What you are asked to do -
An exact transcription of every entry is required, with the images left out.

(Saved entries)
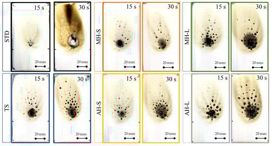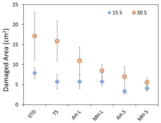 It can be noted that the unmodified reference TS batch shows a small FDZ damaged area at low exposition time. At high exposition time, the results are almost compatible with the STD one. This implies that the TS specimen shows adequate fire-retardant behavior only at low exposure times. Its protective efficacy is significantly reduced for longer exposure times. Conversely, there is a significant reduction in the damaged area, even at long exposure times, for the modified coatings. Magnesium hydroxide appears to show better efficacy than aluminum hydroxide. Furthermore, low grain size fire-retardant compounds exhibit the most satisfactory results. Best results were observed for the MH-S batch, where an FDZ damage area equal to 4.1 cm2 and 5.6 cm2 was observed for 15 s and 30 s of exposition to direct flame, respectively.
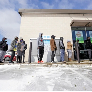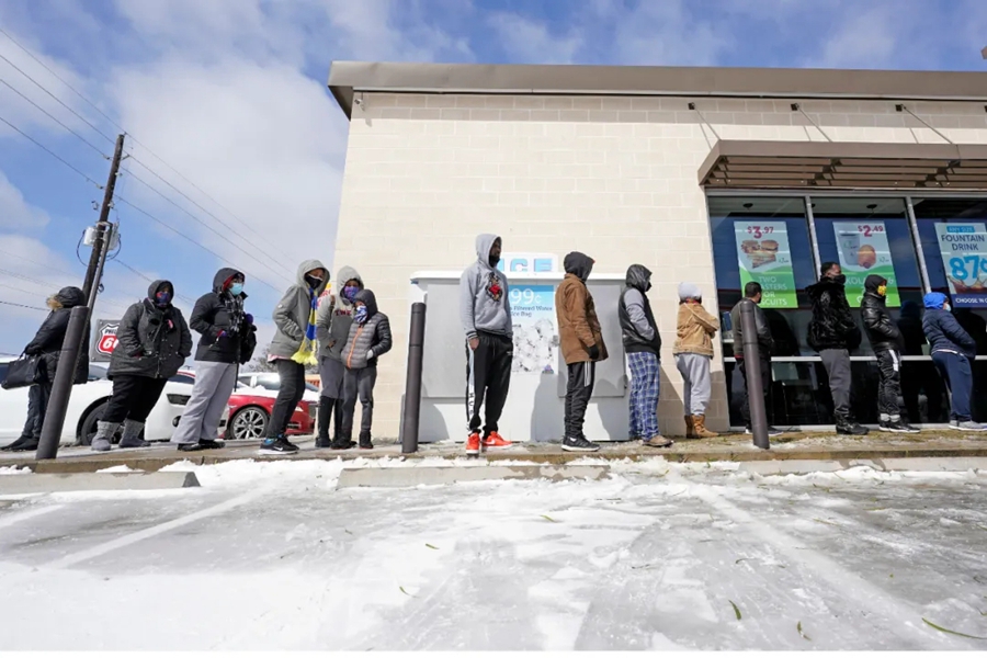 2月15日,在美国得克萨斯州休斯敦,人们在杂货店门口排队。新华社/美联
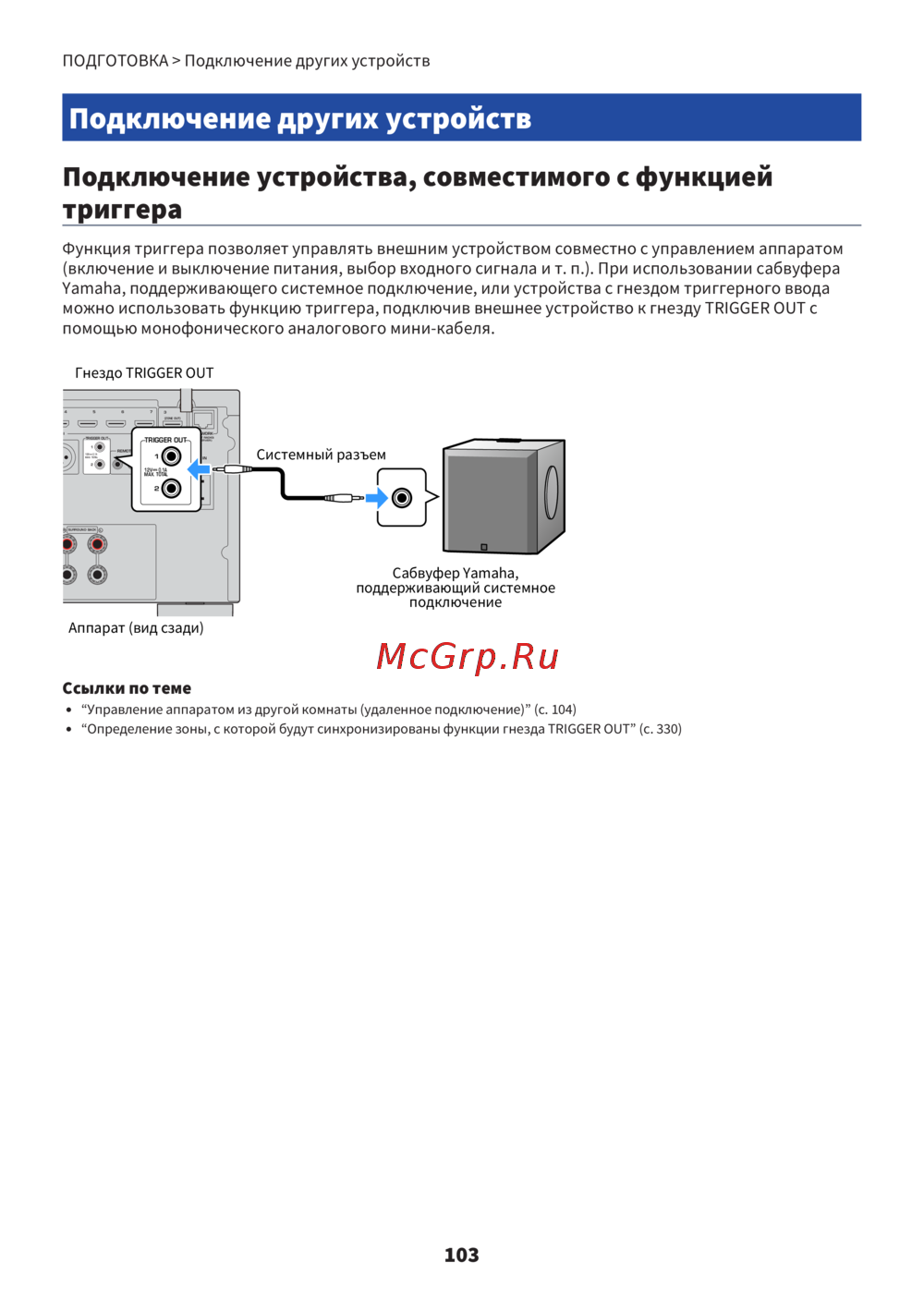Yamaha, поддерживающего системное подключение, или устройства с гнездом триггерного ввода
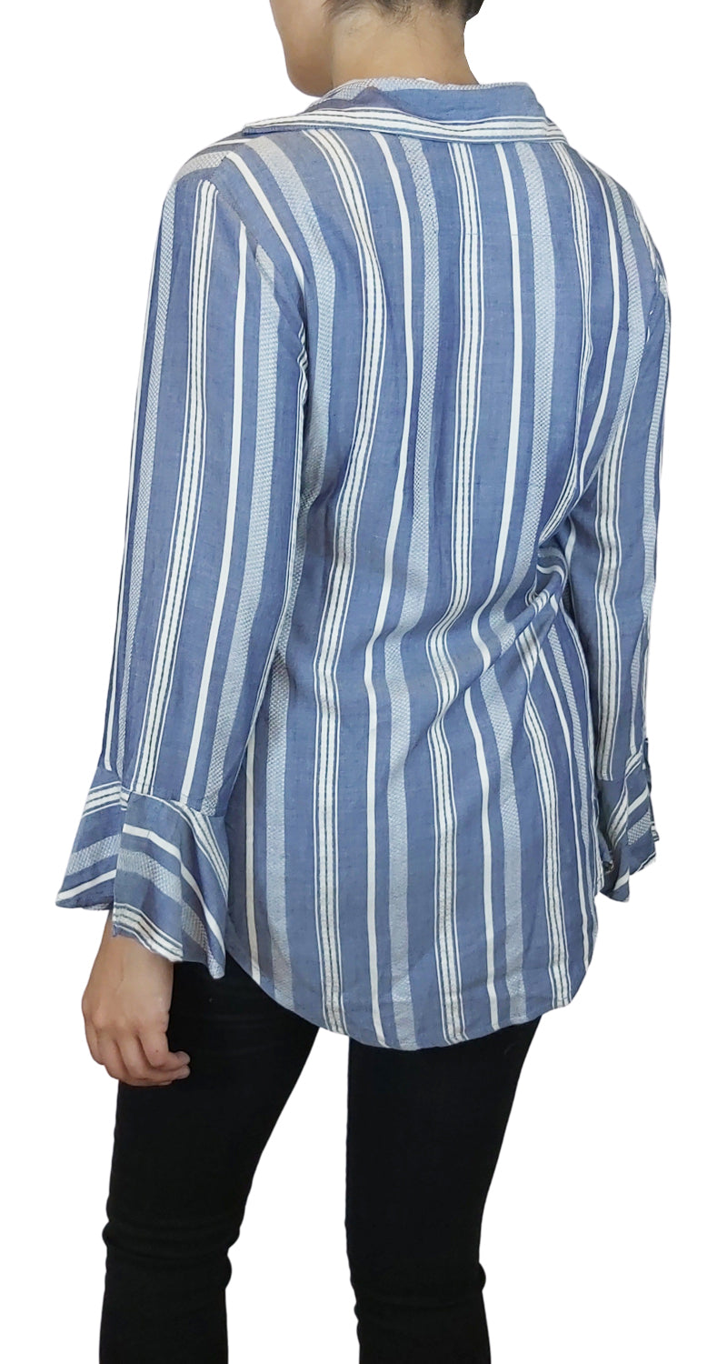 Blusa abotonada a rayas color Azul y Blanco, tiene amplitud en puños de la manga.
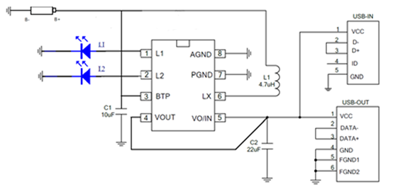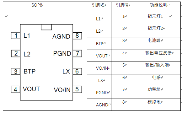 ◆ 输出电流0.8A(以电池3.6V为典型值),具有恒功率输出功能,过流保护,过压保护和短路保护。
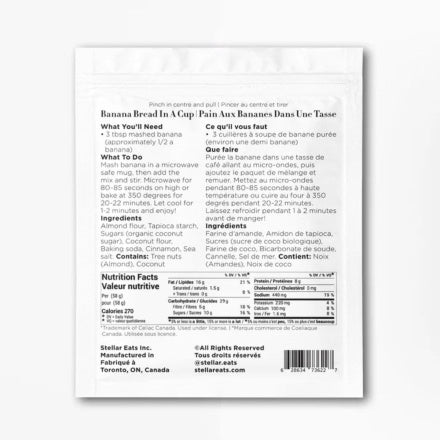 Warm, freshly baked, gluten-free banana bread in 2 minutes…that sounds bananas! But what could make it even better? Oh, how about being made with just 7 simple ingredients like almond flour, coconut flour, and cinnamon and packed with 8g of plant-based protein and 5g of fibre! That’s Stellar Eats’ banana bread in a cup! All you need is a mashed banana, and you’ve got an almond flour banana bread that’s gluten-free, grain-free, vegan, and paleo-friendly! Just one bite, and you’re sure to go bananas!
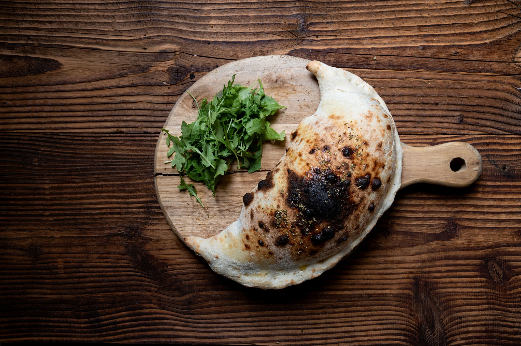 (Pizza en Chausson) : tomates, mozzarella, champignons, jambon blanc italien, œuf, filet de crème
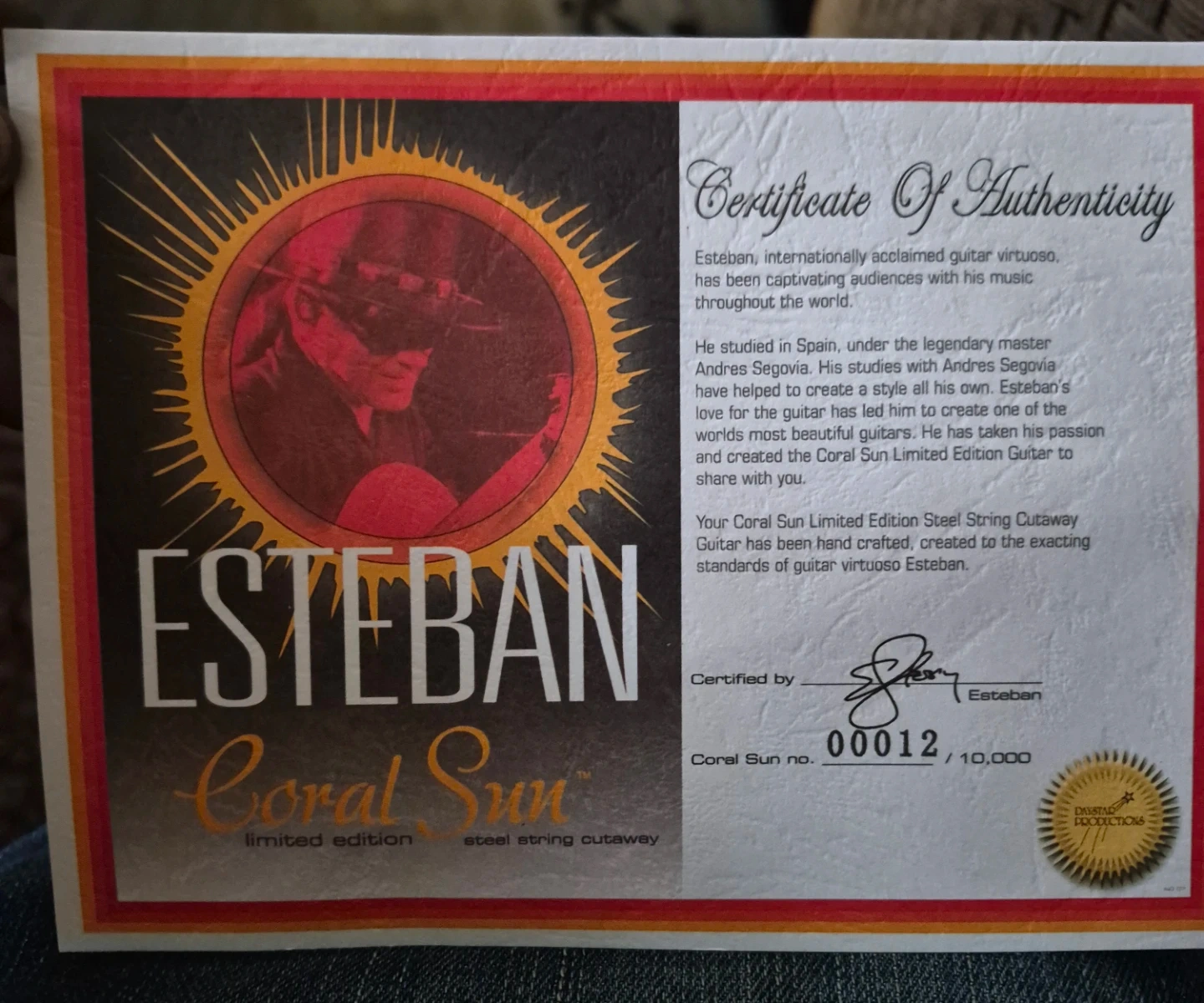 Selling an Esteban Coral Sun Limited Edition steel string cutaway guitar. It comes with its case and a certificate of authenticity. The guitar features a unique sun design and is in great condition
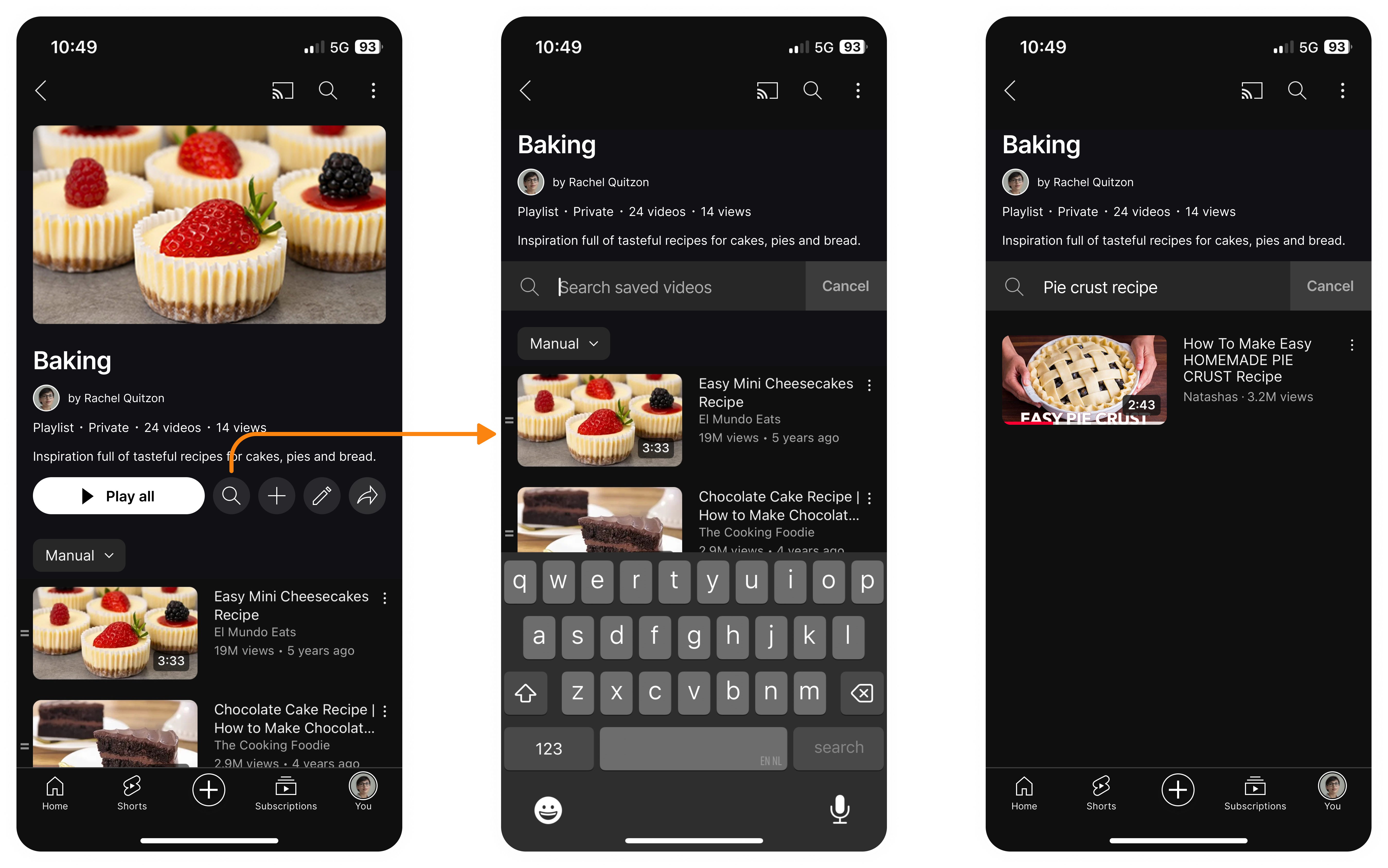 The global search has been adjusted so that it allows users to search within all videos, their saved videos, and their viewing history. Making it more clear to the user how to interact with it while leveraging existing interactive elements within the YouTube interface.

Task solution -
 It can be noted that the unmodified reference TS batch shows a small FDZ damaged area at low exposition time. At high exposition time, the results are almost compatible with the STD one. This implies that the TS specimen shows adequate fire-retardant behavior only at low exposure times. Its protective efficacy is significantly reduced for longer exposure times. Conversely, there is a significant reduction in the damaged area, even at long exposure times, for the modified coatings. Magnesium hydroxide appears to show better efficacy than aluminum hydroxide. Furthermore, low grain size fire-retardant compounds exhibit the most satisfactory results. Best results were observed for the MH-S batch, where an FDZ damage area equal to 4.1 cm2 and 5.6 cm2 was observed for 15 s and 30 s of exposition to direct flame, respectively.
 2月15日,在美国得克萨斯州休斯敦,人们在杂货店门口排队。新华社/美联
Yamaha, поддерживающего системное подключение, или устройства с гнездом триггерного ввода
 Blusa abotonada a rayas color Azul y Blanco, tiene amplitud en puños de la manga.
 ◆ 输出电流0.8A(以电池3.6V为典型值),具有恒功率输出功能,过流保护,过压保护和短路保护。
 Warm, freshly baked, gluten-free banana bread in 2 minutes…that sounds bananas! But what could make it even better? Oh, how about being made with just 7 simple ingredients like almond flour, coconut flour, and cinnamon and packed with 8g of plant-based protein and 5g of fibre! That’s Stellar Eats’ banana bread in a cup! All you need is a mashed banana, and you’ve got an almond flour banana bread that’s gluten-free, grain-free, vegan, and paleo-friendly! Just one bite, and you’re sure to go bananas!
 (Pizza en Chausson) : tomates, mozzarella, champignons, jambon blanc italien, œuf, filet de crème
 Selling an Esteban Coral Sun Limited Edition steel string cutaway guitar. It comes with its case and a certificate of authenticity. The guitar features a unique sun design and is in great condition
 The global search has been adjusted so that it allows users to search within all videos, their saved videos, and their viewing history. Making it more clear to the user how to interact with it while leveraging existing interactive elements within the YouTube interface.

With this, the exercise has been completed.